_Brief_
From the first line to the last, retype everything below exactly, minus the pictures.

*** Opening Available data ***

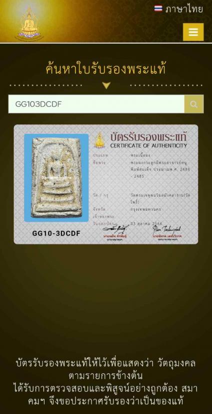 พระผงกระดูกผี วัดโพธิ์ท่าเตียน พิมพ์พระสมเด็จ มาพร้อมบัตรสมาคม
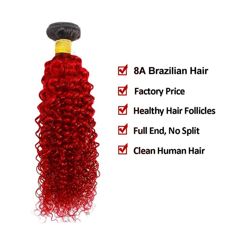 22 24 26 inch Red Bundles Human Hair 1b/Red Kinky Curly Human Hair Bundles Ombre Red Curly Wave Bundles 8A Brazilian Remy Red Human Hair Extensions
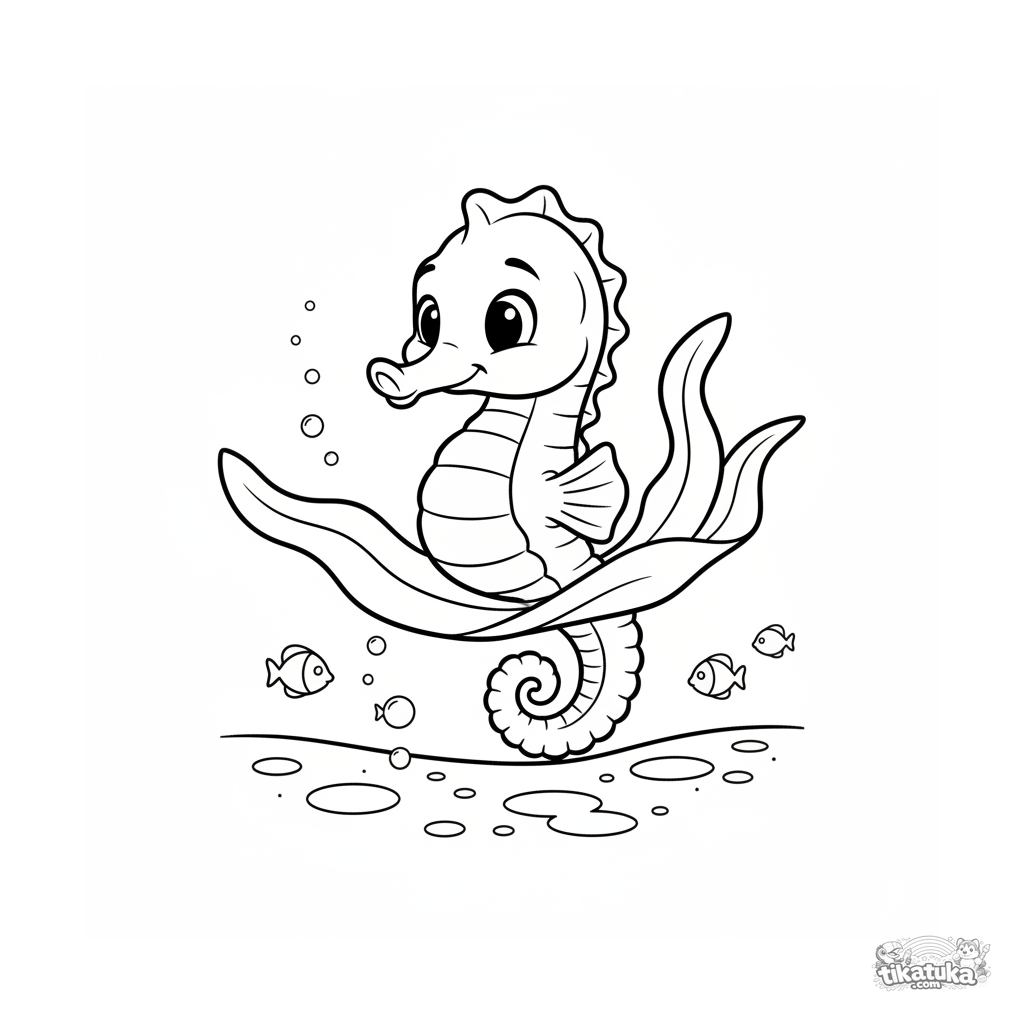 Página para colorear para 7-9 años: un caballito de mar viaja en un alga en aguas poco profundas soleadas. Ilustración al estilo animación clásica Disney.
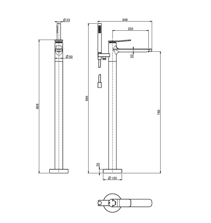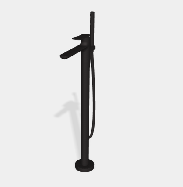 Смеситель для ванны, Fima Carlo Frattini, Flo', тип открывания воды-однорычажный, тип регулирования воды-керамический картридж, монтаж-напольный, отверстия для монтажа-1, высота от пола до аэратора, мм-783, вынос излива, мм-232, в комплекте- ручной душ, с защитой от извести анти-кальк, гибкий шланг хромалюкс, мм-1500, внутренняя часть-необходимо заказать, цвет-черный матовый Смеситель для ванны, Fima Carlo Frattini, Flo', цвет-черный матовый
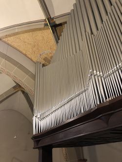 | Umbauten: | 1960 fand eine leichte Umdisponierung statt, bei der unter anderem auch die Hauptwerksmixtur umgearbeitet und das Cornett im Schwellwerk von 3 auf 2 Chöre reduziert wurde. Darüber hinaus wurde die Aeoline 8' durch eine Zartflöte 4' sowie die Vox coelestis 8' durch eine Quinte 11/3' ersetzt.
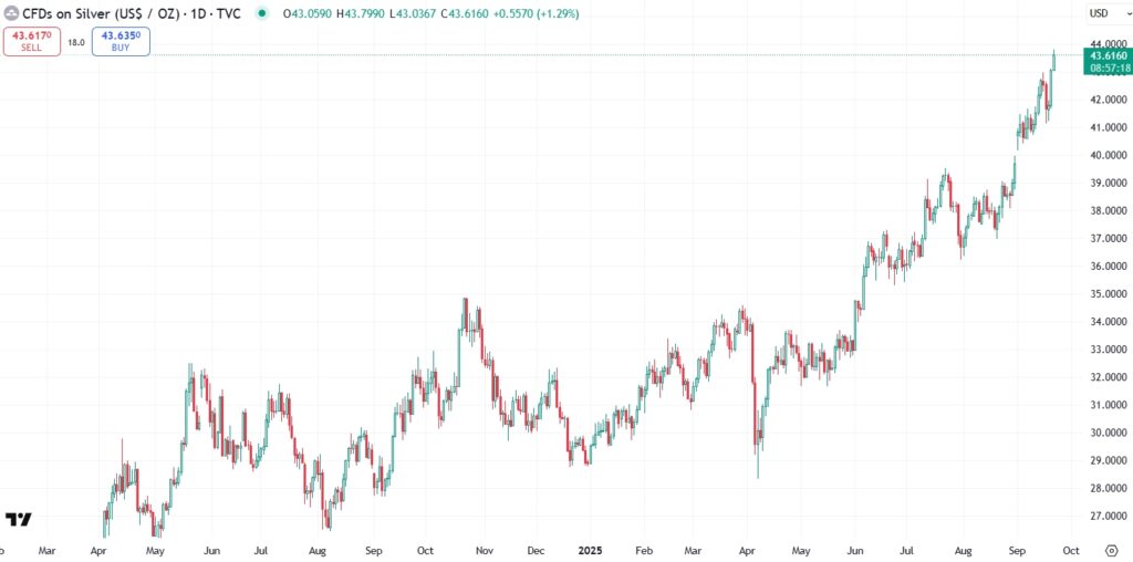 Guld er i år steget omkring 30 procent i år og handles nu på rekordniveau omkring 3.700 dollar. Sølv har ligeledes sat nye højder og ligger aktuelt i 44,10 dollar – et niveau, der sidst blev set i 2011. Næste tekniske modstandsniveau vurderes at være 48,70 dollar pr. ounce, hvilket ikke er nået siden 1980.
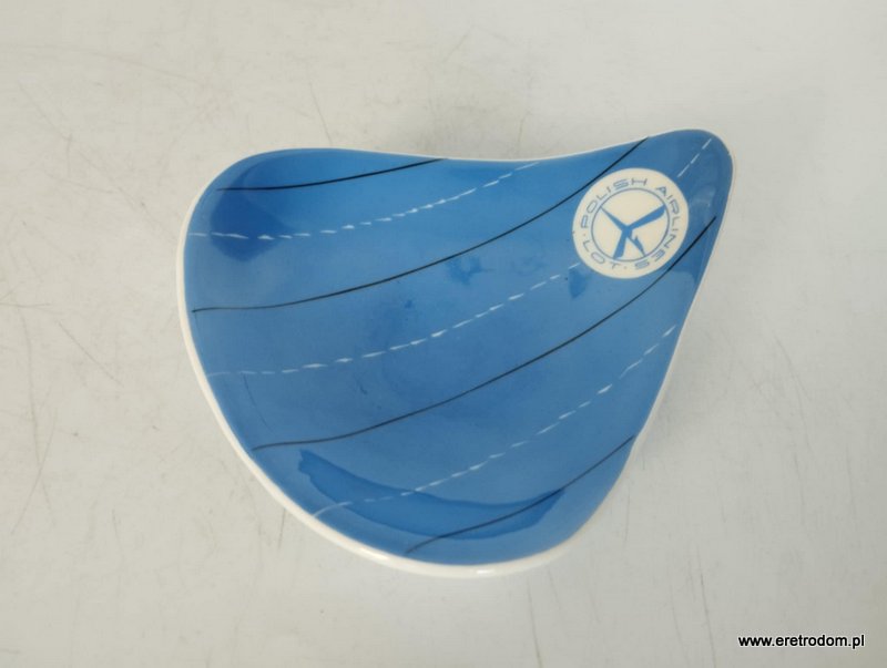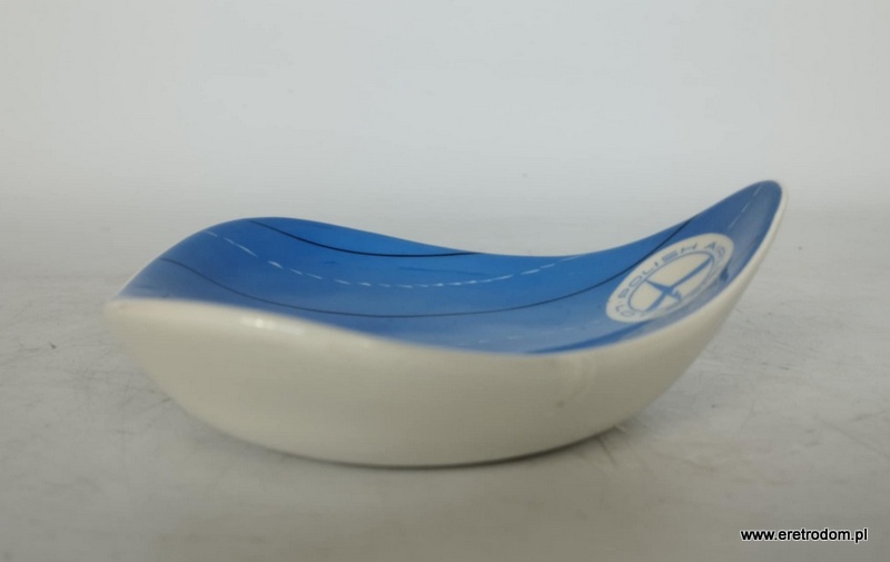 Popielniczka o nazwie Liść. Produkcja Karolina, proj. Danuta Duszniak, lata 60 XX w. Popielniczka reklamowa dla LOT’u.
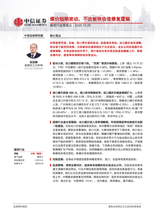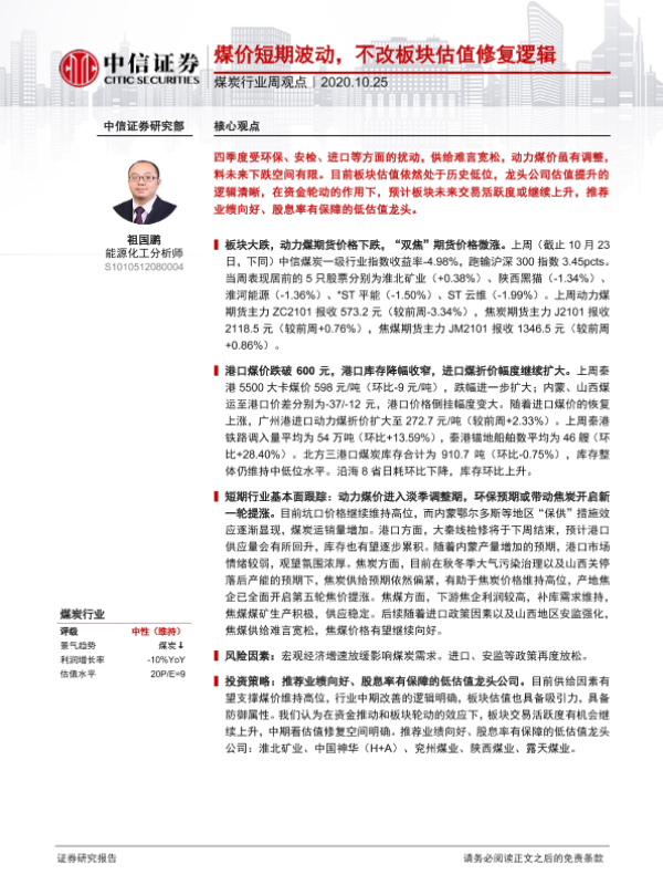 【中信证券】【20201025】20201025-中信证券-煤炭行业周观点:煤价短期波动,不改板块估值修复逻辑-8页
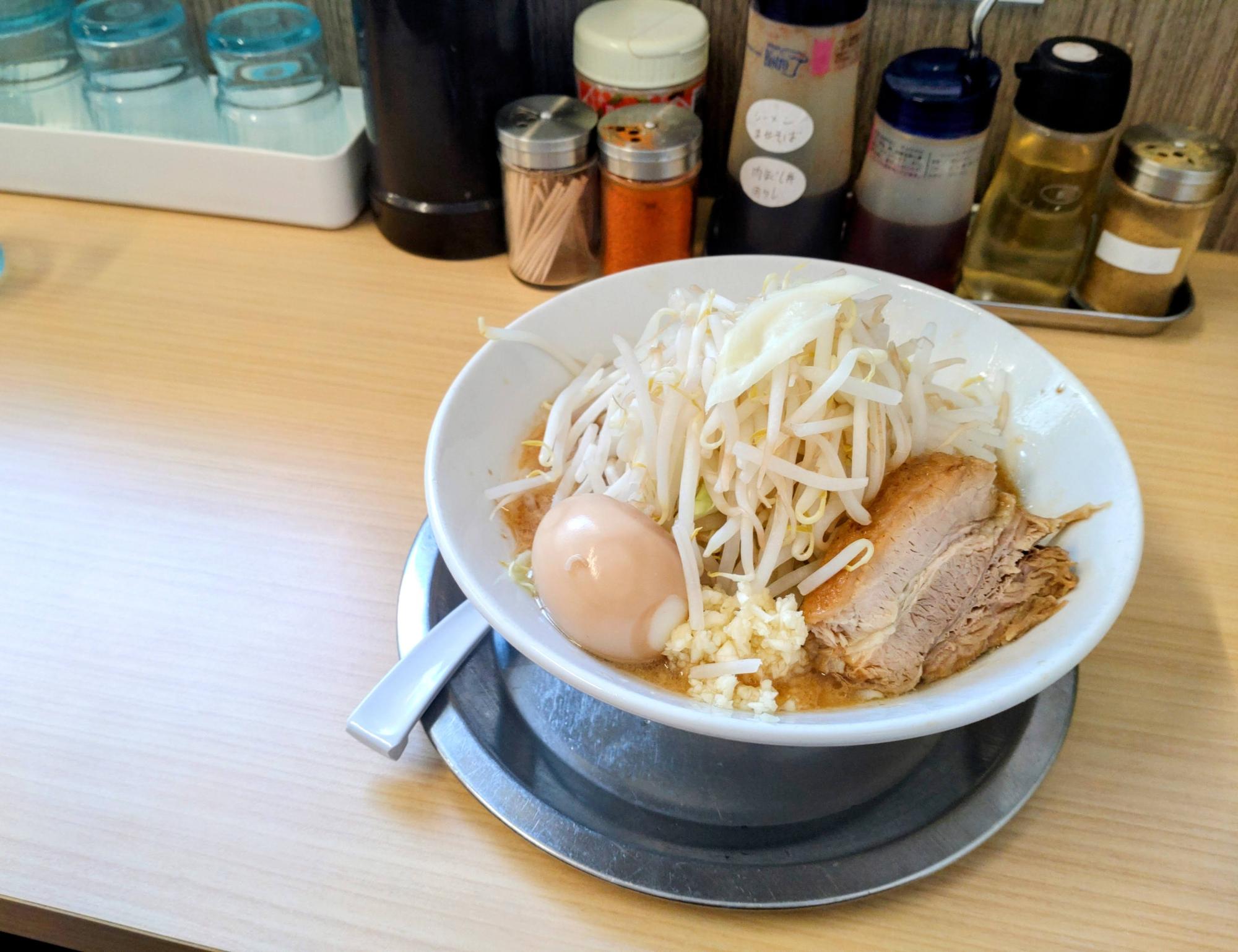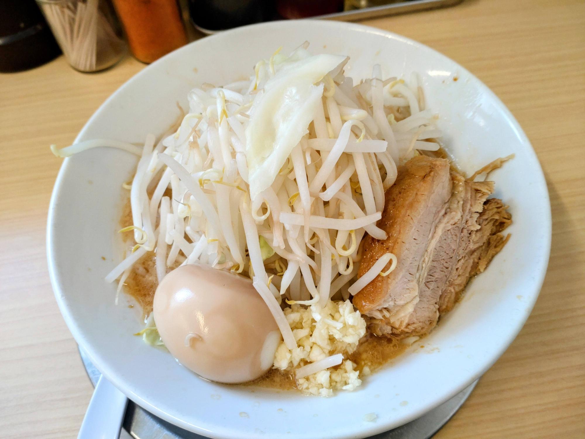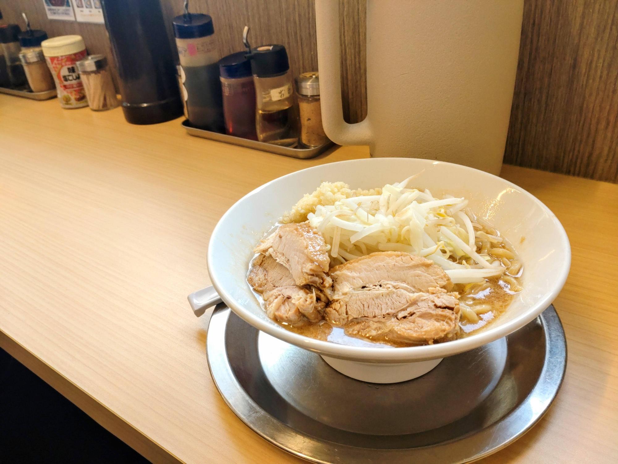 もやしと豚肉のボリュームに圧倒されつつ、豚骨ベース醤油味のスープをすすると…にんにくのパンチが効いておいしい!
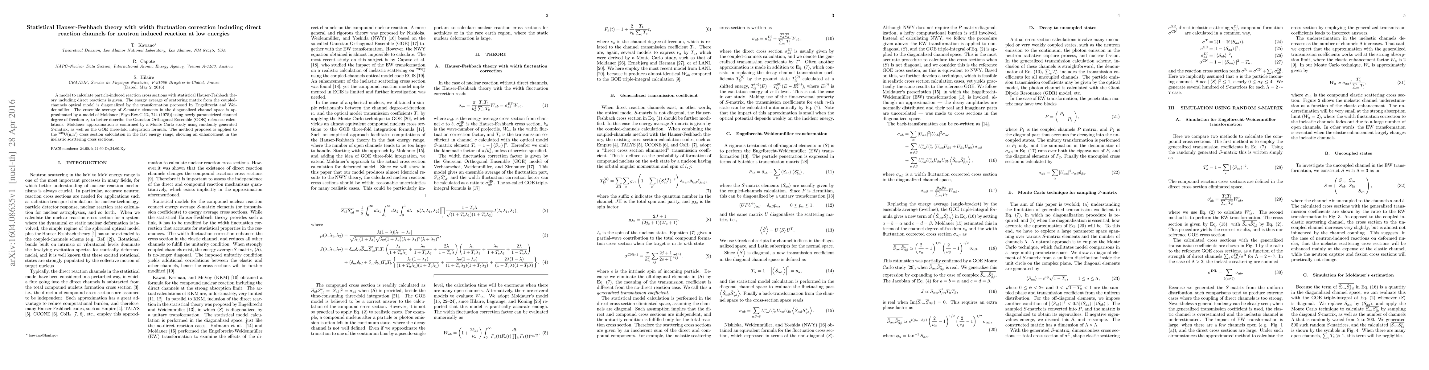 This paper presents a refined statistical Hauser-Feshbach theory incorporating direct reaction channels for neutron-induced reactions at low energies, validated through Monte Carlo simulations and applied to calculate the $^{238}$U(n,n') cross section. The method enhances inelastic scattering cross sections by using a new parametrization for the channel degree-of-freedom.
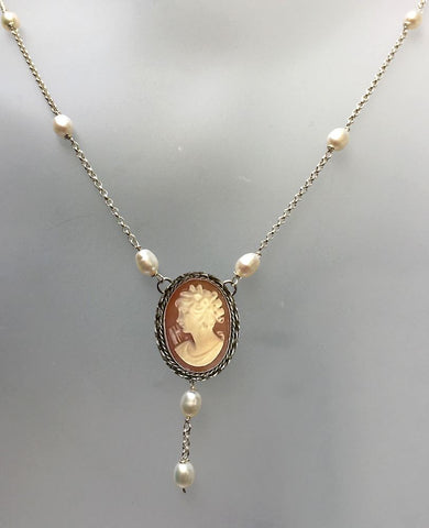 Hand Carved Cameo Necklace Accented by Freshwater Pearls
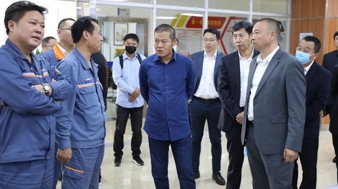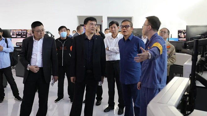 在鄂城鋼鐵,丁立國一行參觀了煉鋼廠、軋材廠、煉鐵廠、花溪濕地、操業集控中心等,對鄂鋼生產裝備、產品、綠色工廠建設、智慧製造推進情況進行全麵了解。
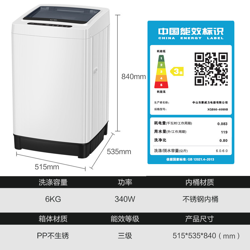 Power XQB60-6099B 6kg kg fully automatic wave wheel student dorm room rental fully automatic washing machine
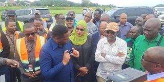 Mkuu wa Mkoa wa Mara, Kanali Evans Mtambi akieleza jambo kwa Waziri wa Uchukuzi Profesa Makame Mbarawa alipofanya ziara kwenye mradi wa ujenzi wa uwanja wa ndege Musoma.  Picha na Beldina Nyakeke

*** Closing Available data ***

_Written response_
 พระผงกระดูกผี วัดโพธิ์ท่าเตียน พิมพ์พระสมเด็จ มาพร้อมบัตรสมาคม
 22 24 26 inch Red Bundles Human Hair 1b/Red Kinky Curly Human Hair Bundles Ombre Red Curly Wave Bundles 8A Brazilian Remy Red Human Hair Extensions
 Página para colorear para 7-9 años: un caballito de mar viaja en un alga en aguas poco profundas soleadas. Ilustración al estilo animación clásica Disney.
 Смеситель для ванны, Fima Carlo Frattini, Flo', тип открывания воды-однорычажный, тип регулирования воды-керамический картридж, монтаж-напольный, отверстия для монтажа-1, высота от пола до аэратора, мм-783, вынос излива, мм-232, в комплекте- ручной душ, с защитой от извести анти-кальк, гибкий шланг хромалюкс, мм-1500, внутренняя часть-необходимо заказать, цвет-черный матовый Смеситель для ванны, Fima Carlo Frattini, Flo', цвет-черный матовый
 | Umbauten: | 1960 fand eine leichte Umdisponierung statt, bei der unter anderem auch die Hauptwerksmixtur umgearbeitet und das Cornett im Schwellwerk von 3 auf 2 Chöre reduziert wurde. Darüber hinaus wurde die Aeoline 8' durch eine Zartflöte 4' sowie die Vox coelestis 8' durch eine Quinte 11/3' ersetzt.
 Guld er i år steget omkring 30 procent i år og handles nu på rekordniveau omkring 3.700 dollar. Sølv har ligeledes sat nye højder og ligger aktuelt i 44,10 dollar – et niveau, der sidst blev set i 2011. Næste tekniske modstandsniveau vurderes at være 48,70 dollar pr. ounce, hvilket ikke er nået siden 1980.
 Popielniczka o nazwie Liść. Produkcja Karolina, proj. Danuta Duszniak, lata 60 XX w. Popielniczka reklamowa dla LOT’u.
 【中信证券】【20201025】20201025-中信证券-煤炭行业周观点:煤价短期波动,不改板块估值修复逻辑-8页
 もやしと豚肉のボリュームに圧倒されつつ、豚骨ベース醤油味のスープをすすると…にんにくのパンチが効いておいしい!
 This paper presents a refined statistical Hauser-Feshbach theory incorporating direct reaction channels for neutron-induced reactions at low energies, validated through Monte Carlo simulations and applied to calculate the $^{238}$U(n,n') cross section. The method enhances inelastic scattering cross sections by using a new parametrization for the channel degree-of-freedom.
 Hand Carved Cameo Necklace Accented by Freshwater Pearls
 在鄂城鋼鐵,丁立國一行參觀了煉鋼廠、軋材廠、煉鐵廠、花溪濕地、操業集控中心等,對鄂鋼生產裝備、產品、綠色工廠建設、智慧製造推進情況進行全麵了解。
 Power XQB60-6099B 6kg kg fully automatic wave wheel student dorm room rental fully automatic washing machine
 Mkuu wa Mkoa wa Mara, Kanali Evans Mtambi akieleza jambo kwa Waziri wa Uchukuzi Profesa Makame Mbarawa alipofanya ziara kwenye mradi wa ujenzi wa uwanja wa ndege Musoma.  Picha na Beldina Nyakeke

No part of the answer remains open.